▶ _Source records_:
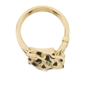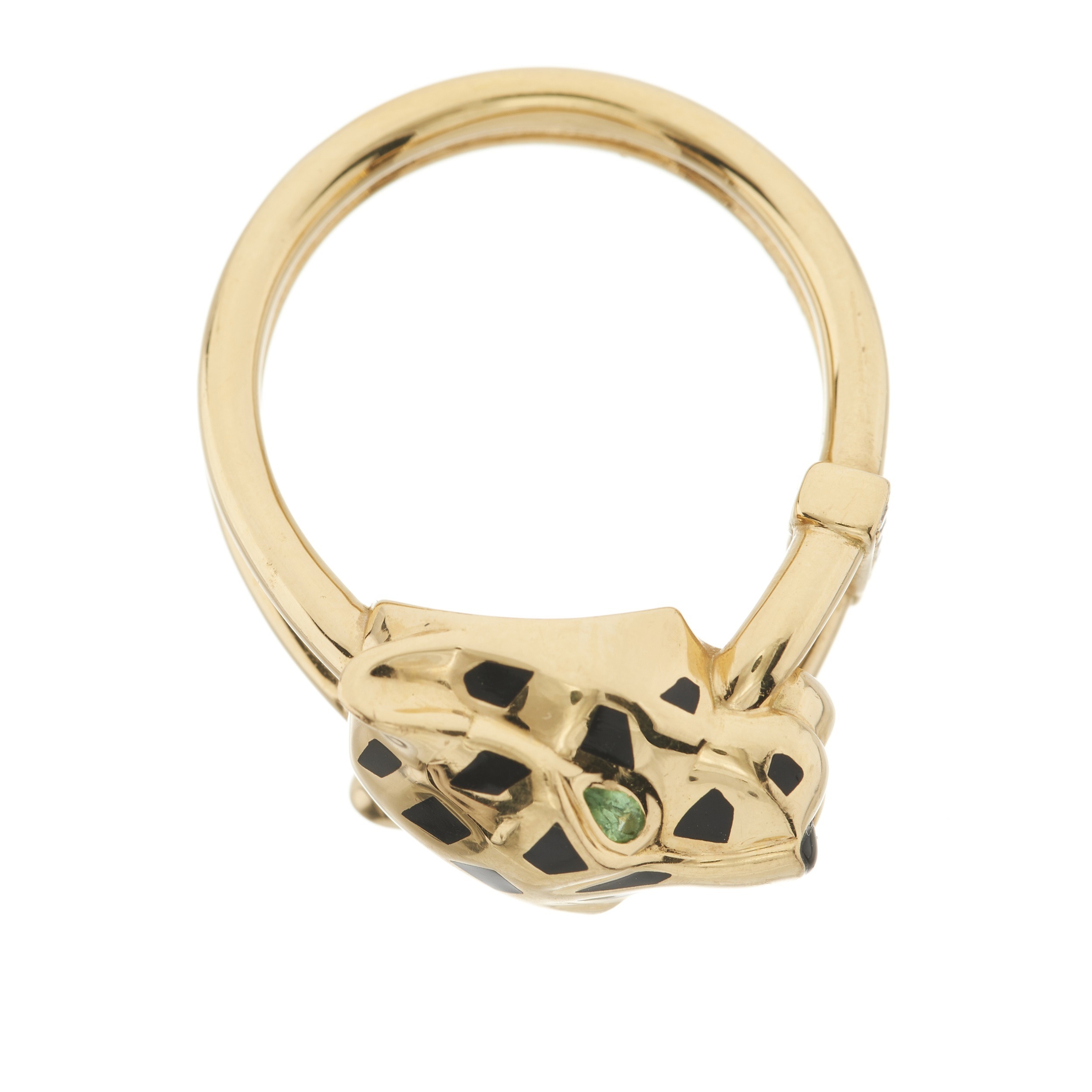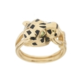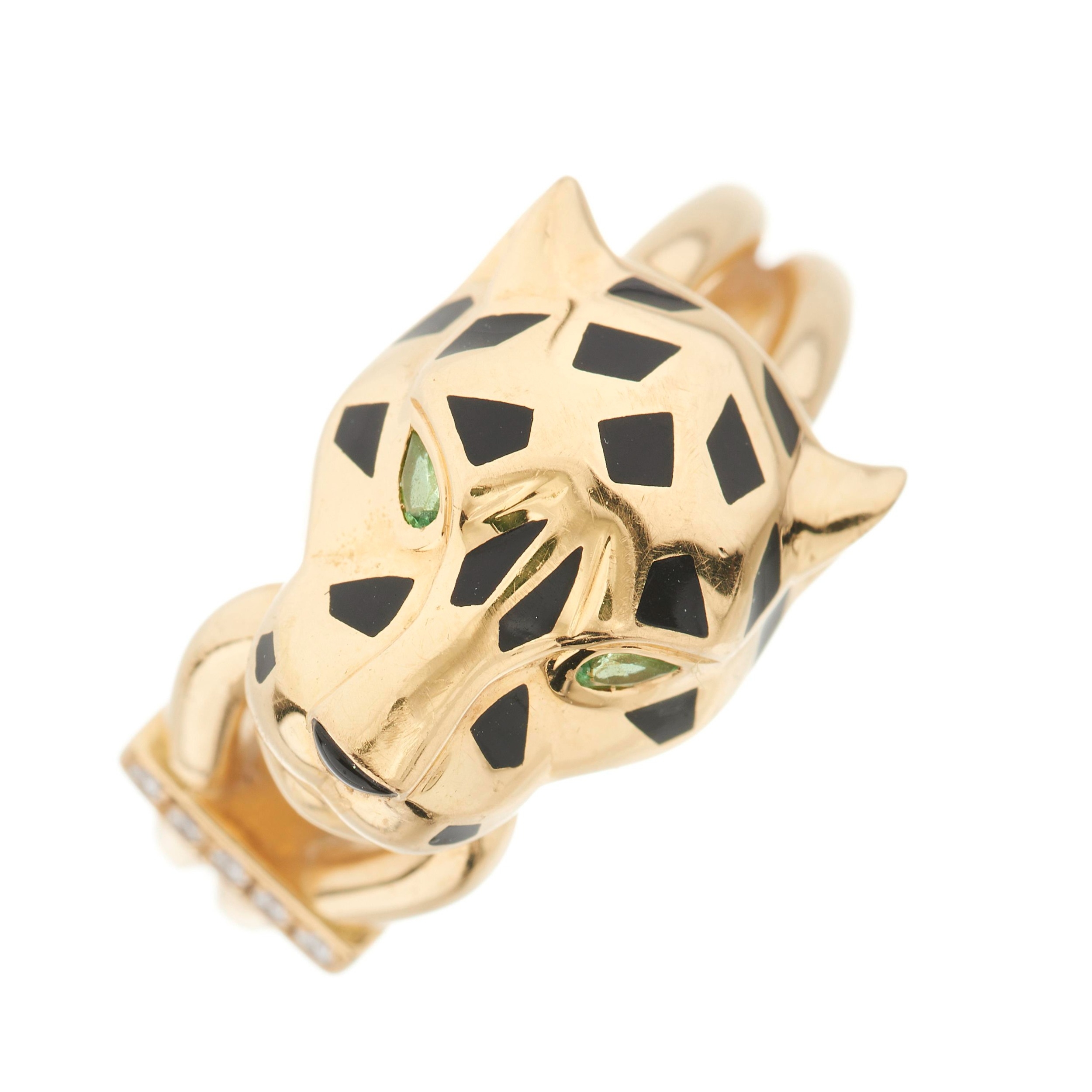 Cartier, an 18ct gold brilliant-cut diamond and black lacquer Panthere de Cartier ring, with green garnet eyes and onyx cabochon nose, signed Cartier, serial DIS768, Swiss convention marks, Cartier size 50, ring size K, with maker's case, certificate and photocopy of original purchase receipt, 8.8g
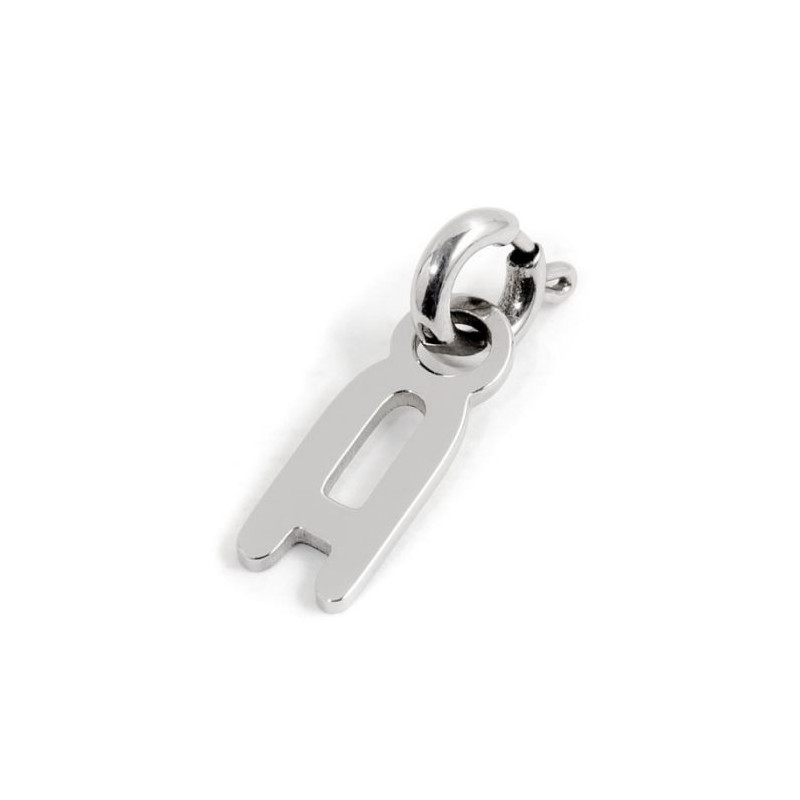 Descrizione: Charm lettere sagomate con mini moschettone. Altezza lettera 12,10 mm. Materiale: acciaio.
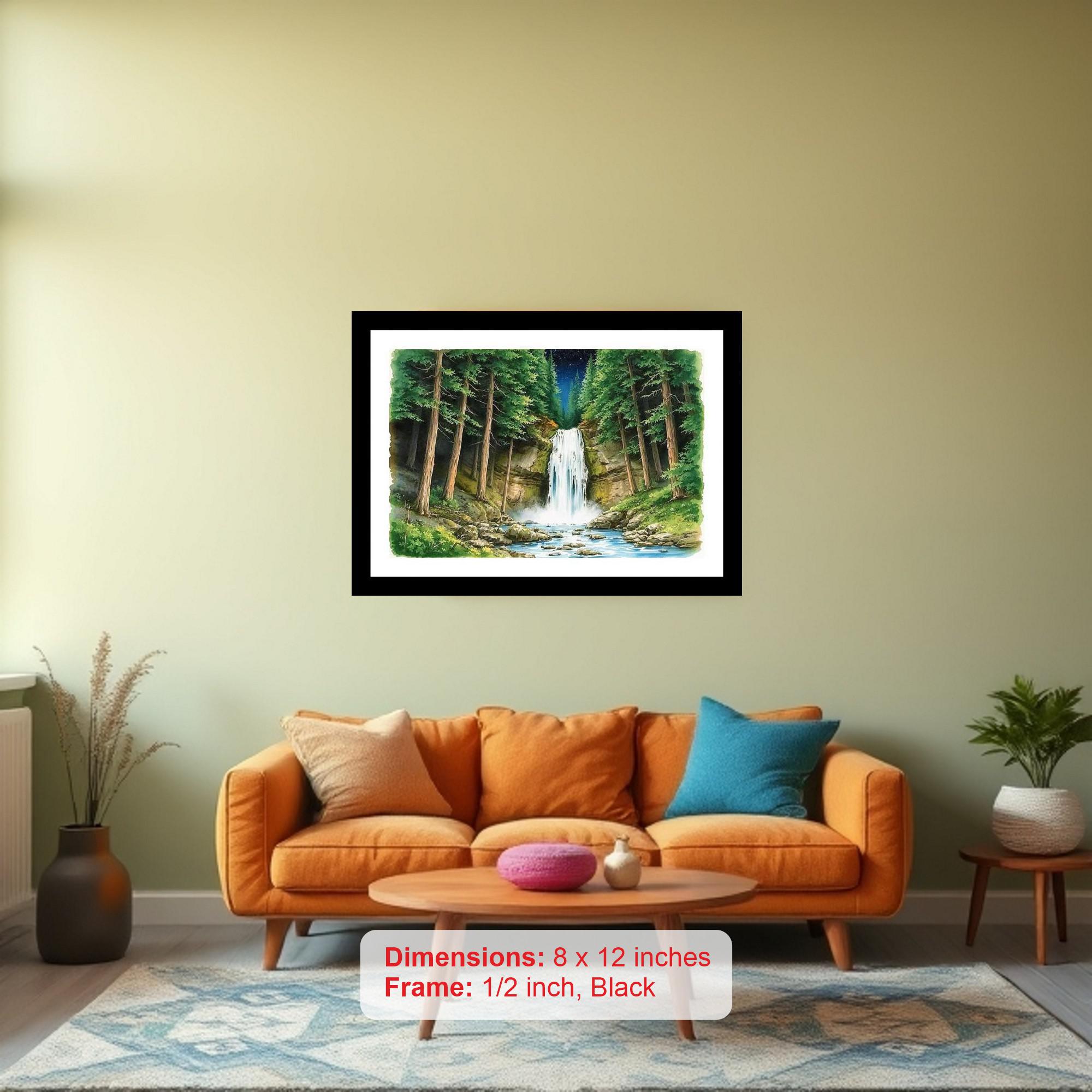 Starlit Waterfall Portrait: Serene Forest Cascade. Wall Art, Interior Accents, Framing Solutions, Residential/Commercial Decor, Premium Gifts | Size: 8 x 12 inches
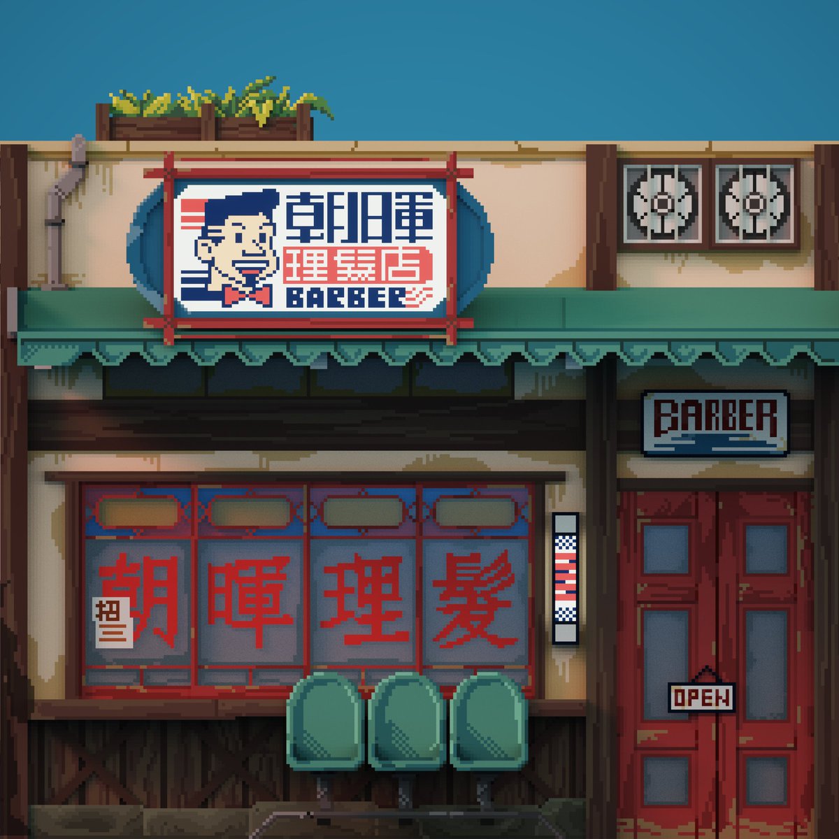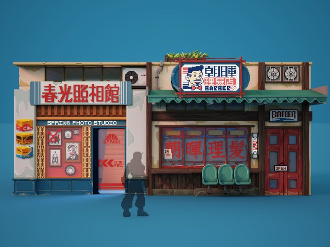 Old-style street update! Barber shop opened! #magicavoxel #voxelart #pixelart #voxel #illustration #canton
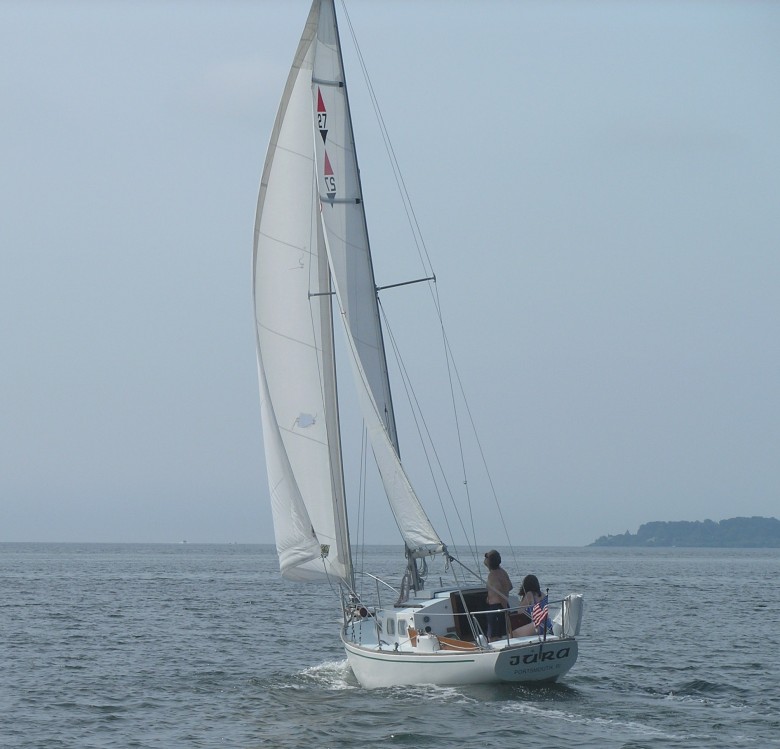 August 3, 2011 – We went out last night, my son and I, and got caught in a squall off Black Point in the Sakonnet. Roller furling is great, but the sail shape when partly furled is terrible, as you know. Still did five knots, with one reef and just a bit of jib showing. We had a second reef point sewn into the main two years ago; only used it once so far. Over the years, someone took a lot of hardware off the boom, so I’m having to re-rig the outhaul gear.
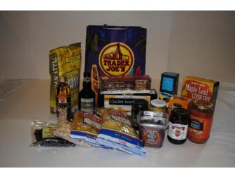 A yummy reuseable bag from Trader Joes, including olive oil, vodka sauce, penette pasta, pistachios, chocolate covered raisins, crackers, marinated artichokes and MORE.
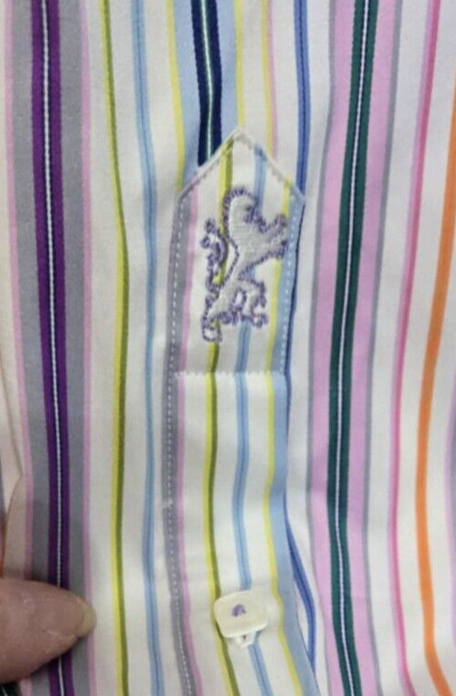 как выглядит Bugatchi Mens Shirt Purple Pink Orange Blue Green Stripes Classic Fit MED F400 фото

▶ _What is expected_: Go to the line above holding "Descrizione: Charm lettere", then copy exactly each line down to and including the one holding "August 3, 2011", leaving pictures out.

▶ _Written response_:
 Descrizione: Charm lettere sagomate con mini moschettone. Altezza lettera 12,10 mm. Materiale: acciaio.
 Starlit Waterfall Portrait: Serene Forest Cascade. Wall Art, Interior Accents, Framing Solutions, Residential/Commercial Decor, Premium Gifts | Size: 8 x 12 inches
 Old-style street update! Barber shop opened! #magicavoxel #voxelart #pixelart #voxel #illustration #canton
 August 3, 2011 – We went out last night, my son and I, and got caught in a squall off Black Point in the Sakonnet. Roller furling is great, but the sail shape when partly furled is terrible, as you know. Still did five knots, with one reef and just a bit of jib showing. We had a second reef point sewn into the main two years ago; only used it once so far. Over the years, someone took a lot of hardware off the boom, so I’m having to re-rig the outhaul gear.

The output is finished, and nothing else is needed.